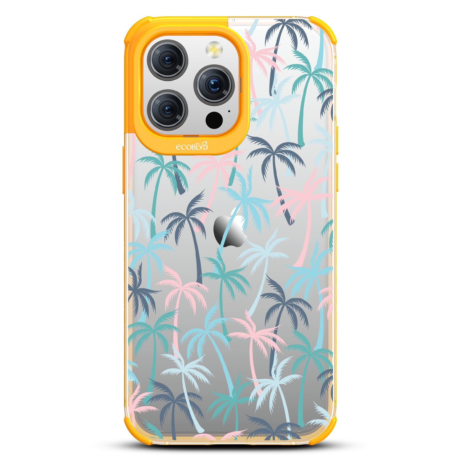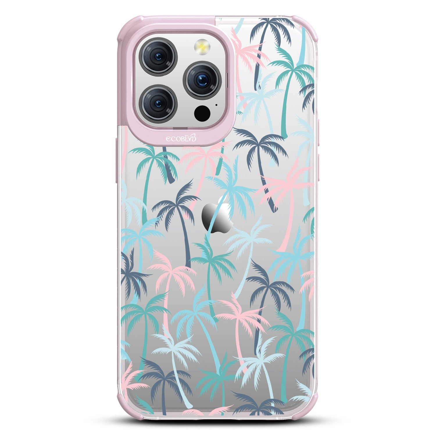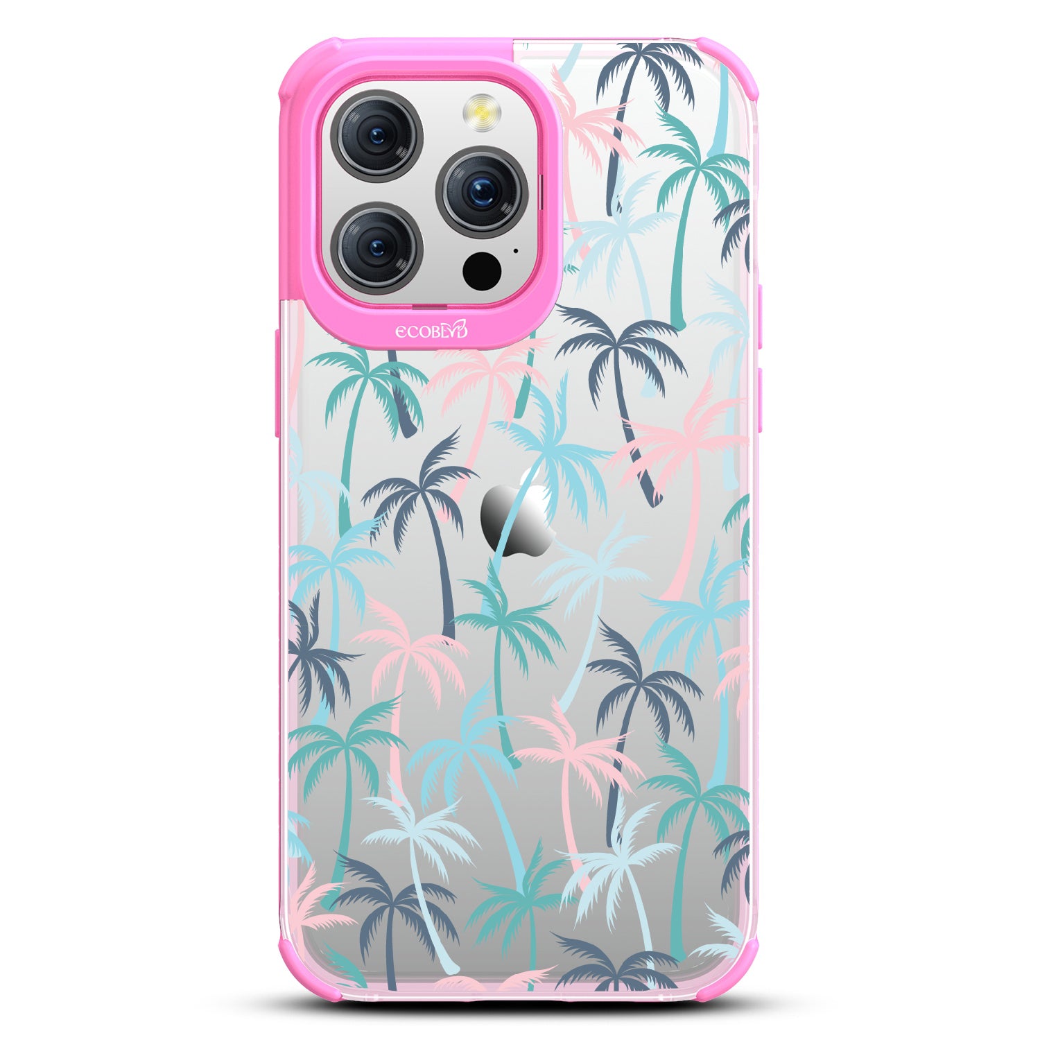 Bring on the heatwave of style with the Cruel Summer design on our Laguna clear iPhone 15 Pro Max case. Its palm trees decked out in a mesmerizing retro-Miami inspired palette invite you to step into a summer that's anything but ordinary. With this design, you'll experience a world of bold choices, vibrant energy, and unforgettable moments. Take your phone on a wild ride, make a statement wherever you go, and make it your playground for the cruel summer.
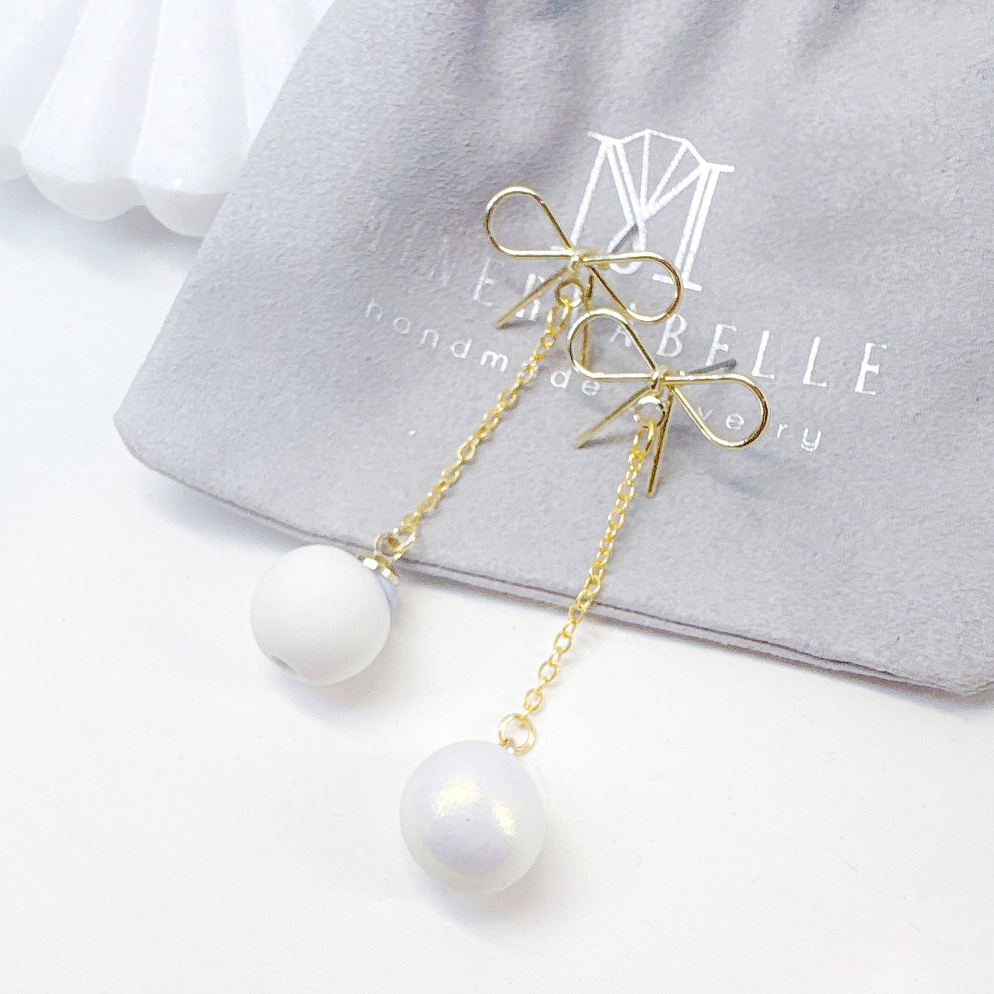 Graceful and feminine, these Bow & Pearl Earrings capture timeless elegance with a modern twist. Featuring a delicate gold bow paired with a lustrous pearl drop, this design comes in two versatile styles – a short drop for everyday sophistication and a long chain dangle for added glamour.
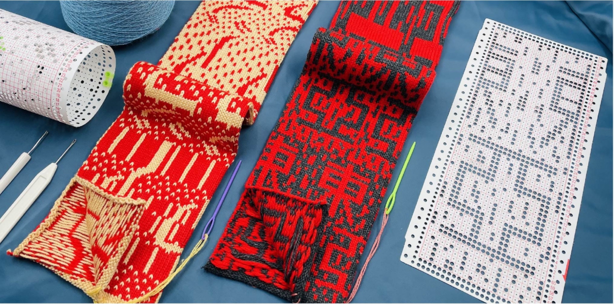在三小時的工作坊內,參加者將學會手搖針織機的基本運作,用於創造專屬自己的圍巾。工作坊的設計素材為預先準備的打孔卡,參加者將因應個人喜好,利用打孔卡的排序而造出不同的圖案,並以自己挑選的紗線織布;工作坊的設計靈感來自「再紡東亞系列一:手中的羅盤」展覽主視覺所展示的字體設計及呈現的亂碼概念。工作坊亦將會教授如何妥善修飾、清洗及保養圍巾。
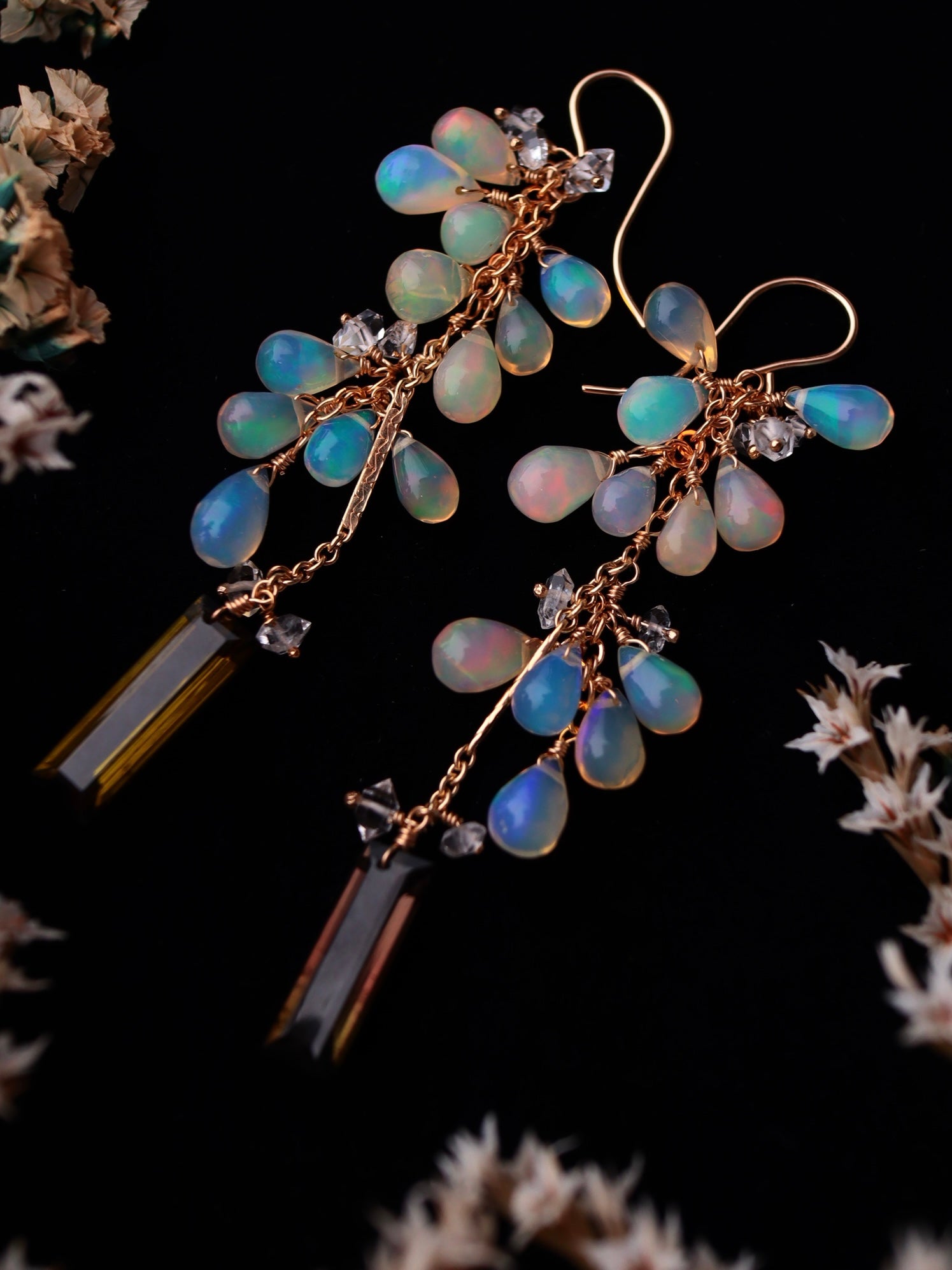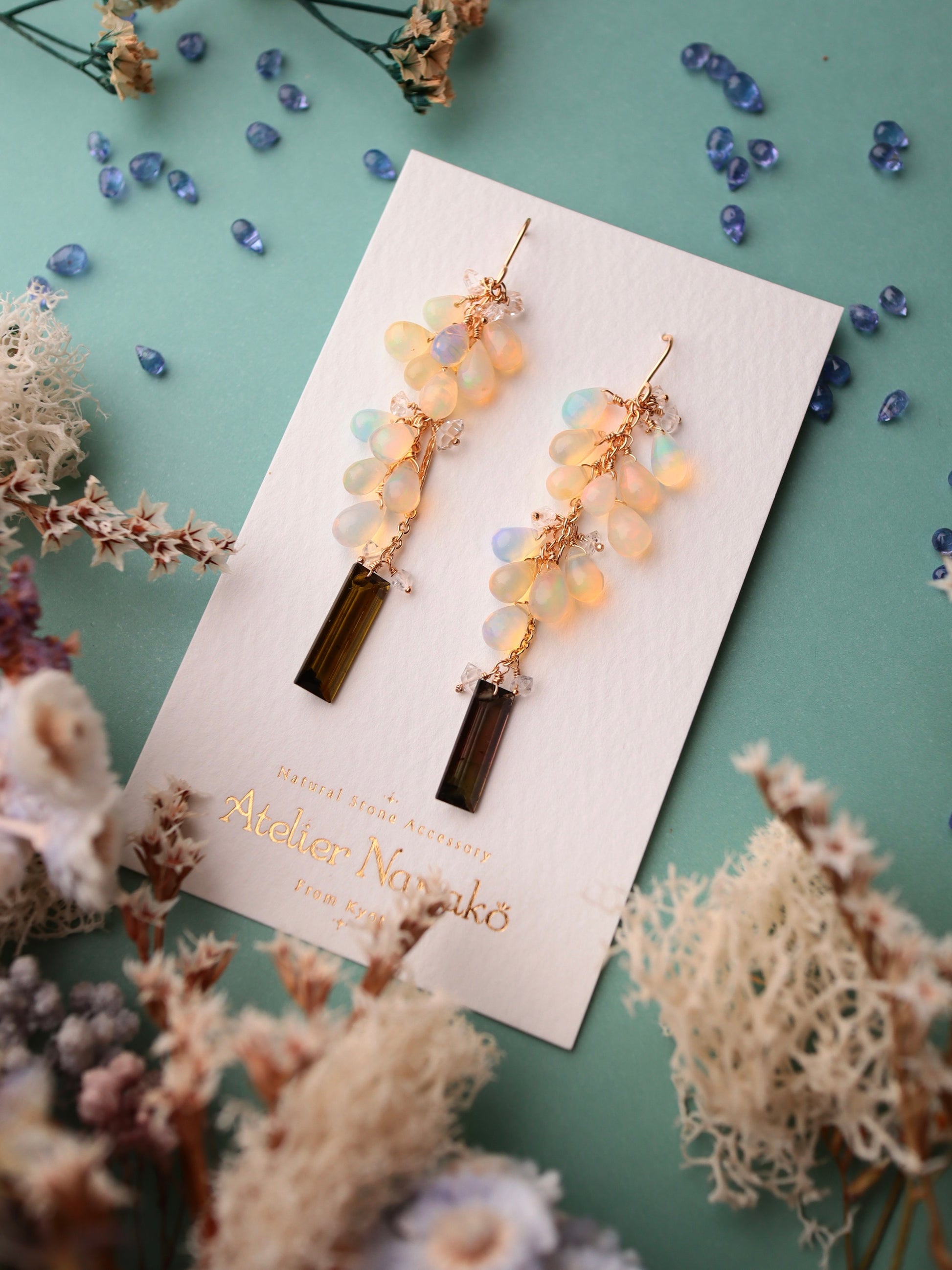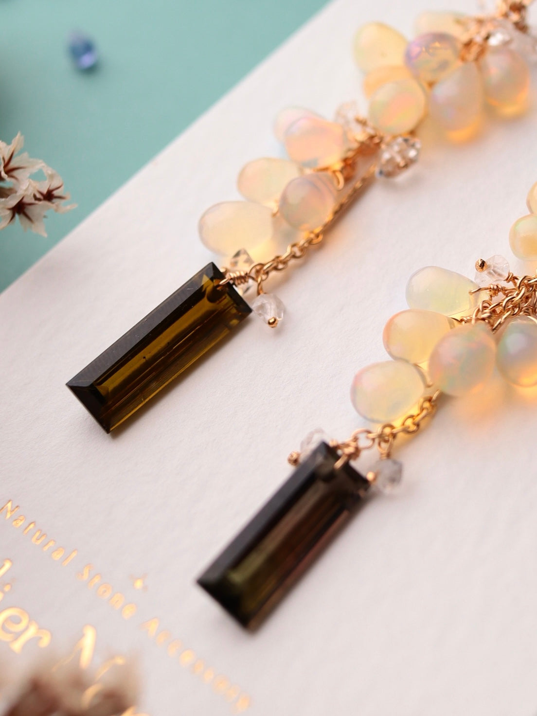 Opal and tourmaline earrings
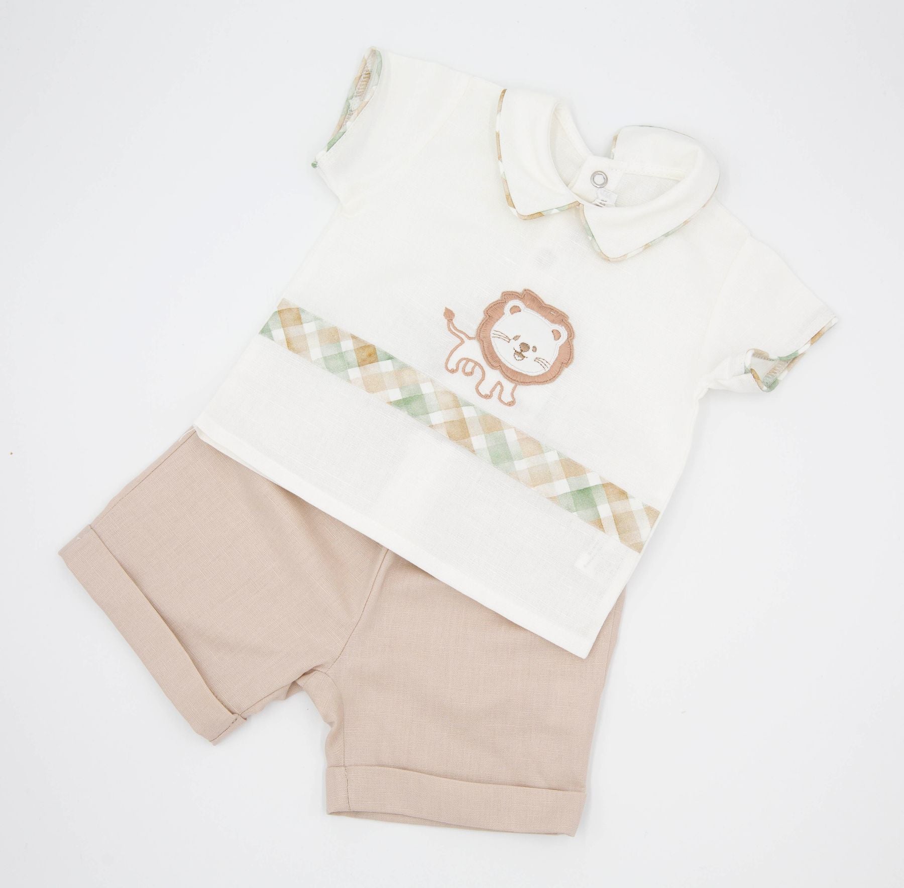 Completo pantaloncino e camicetta Realizzati in Italia con tessuti di alta qualità, questi capi sono perfetti per un look elegante e fresco. Il lino è noto per la sua leggerezza e traspirabilità, perciò sono ideali per le giornate di sole. Aggiungi un tocco di stile italiano al tuo guardaroba con il clinico corto leone salvia/sabbia.

☆ ☆ ☆

• **WORK REQUIRED**
Reproduce the listing above exactly from the line containing "在三小時的工作坊內,參加者將" up to and including the line containing "Opal and tourmaline earrings", omitting any images and everything outside those lines.

• **RESPONSE BELOW**
在三小時的工作坊內,參加者將學會手搖針織機的基本運作,用於創造專屬自己的圍巾。工作坊的設計素材為預先準備的打孔卡,參加者將因應個人喜好,利用打孔卡的排序而造出不同的圖案,並以自己挑選的紗線織布;工作坊的設計靈感來自「再紡東亞系列一:手中的羅盤」展覽主視覺所展示的字體設計及呈現的亂碼概念。工作坊亦將會教授如何妥善修飾、清洗及保養圍巾。
 Opal and tourmaline earrings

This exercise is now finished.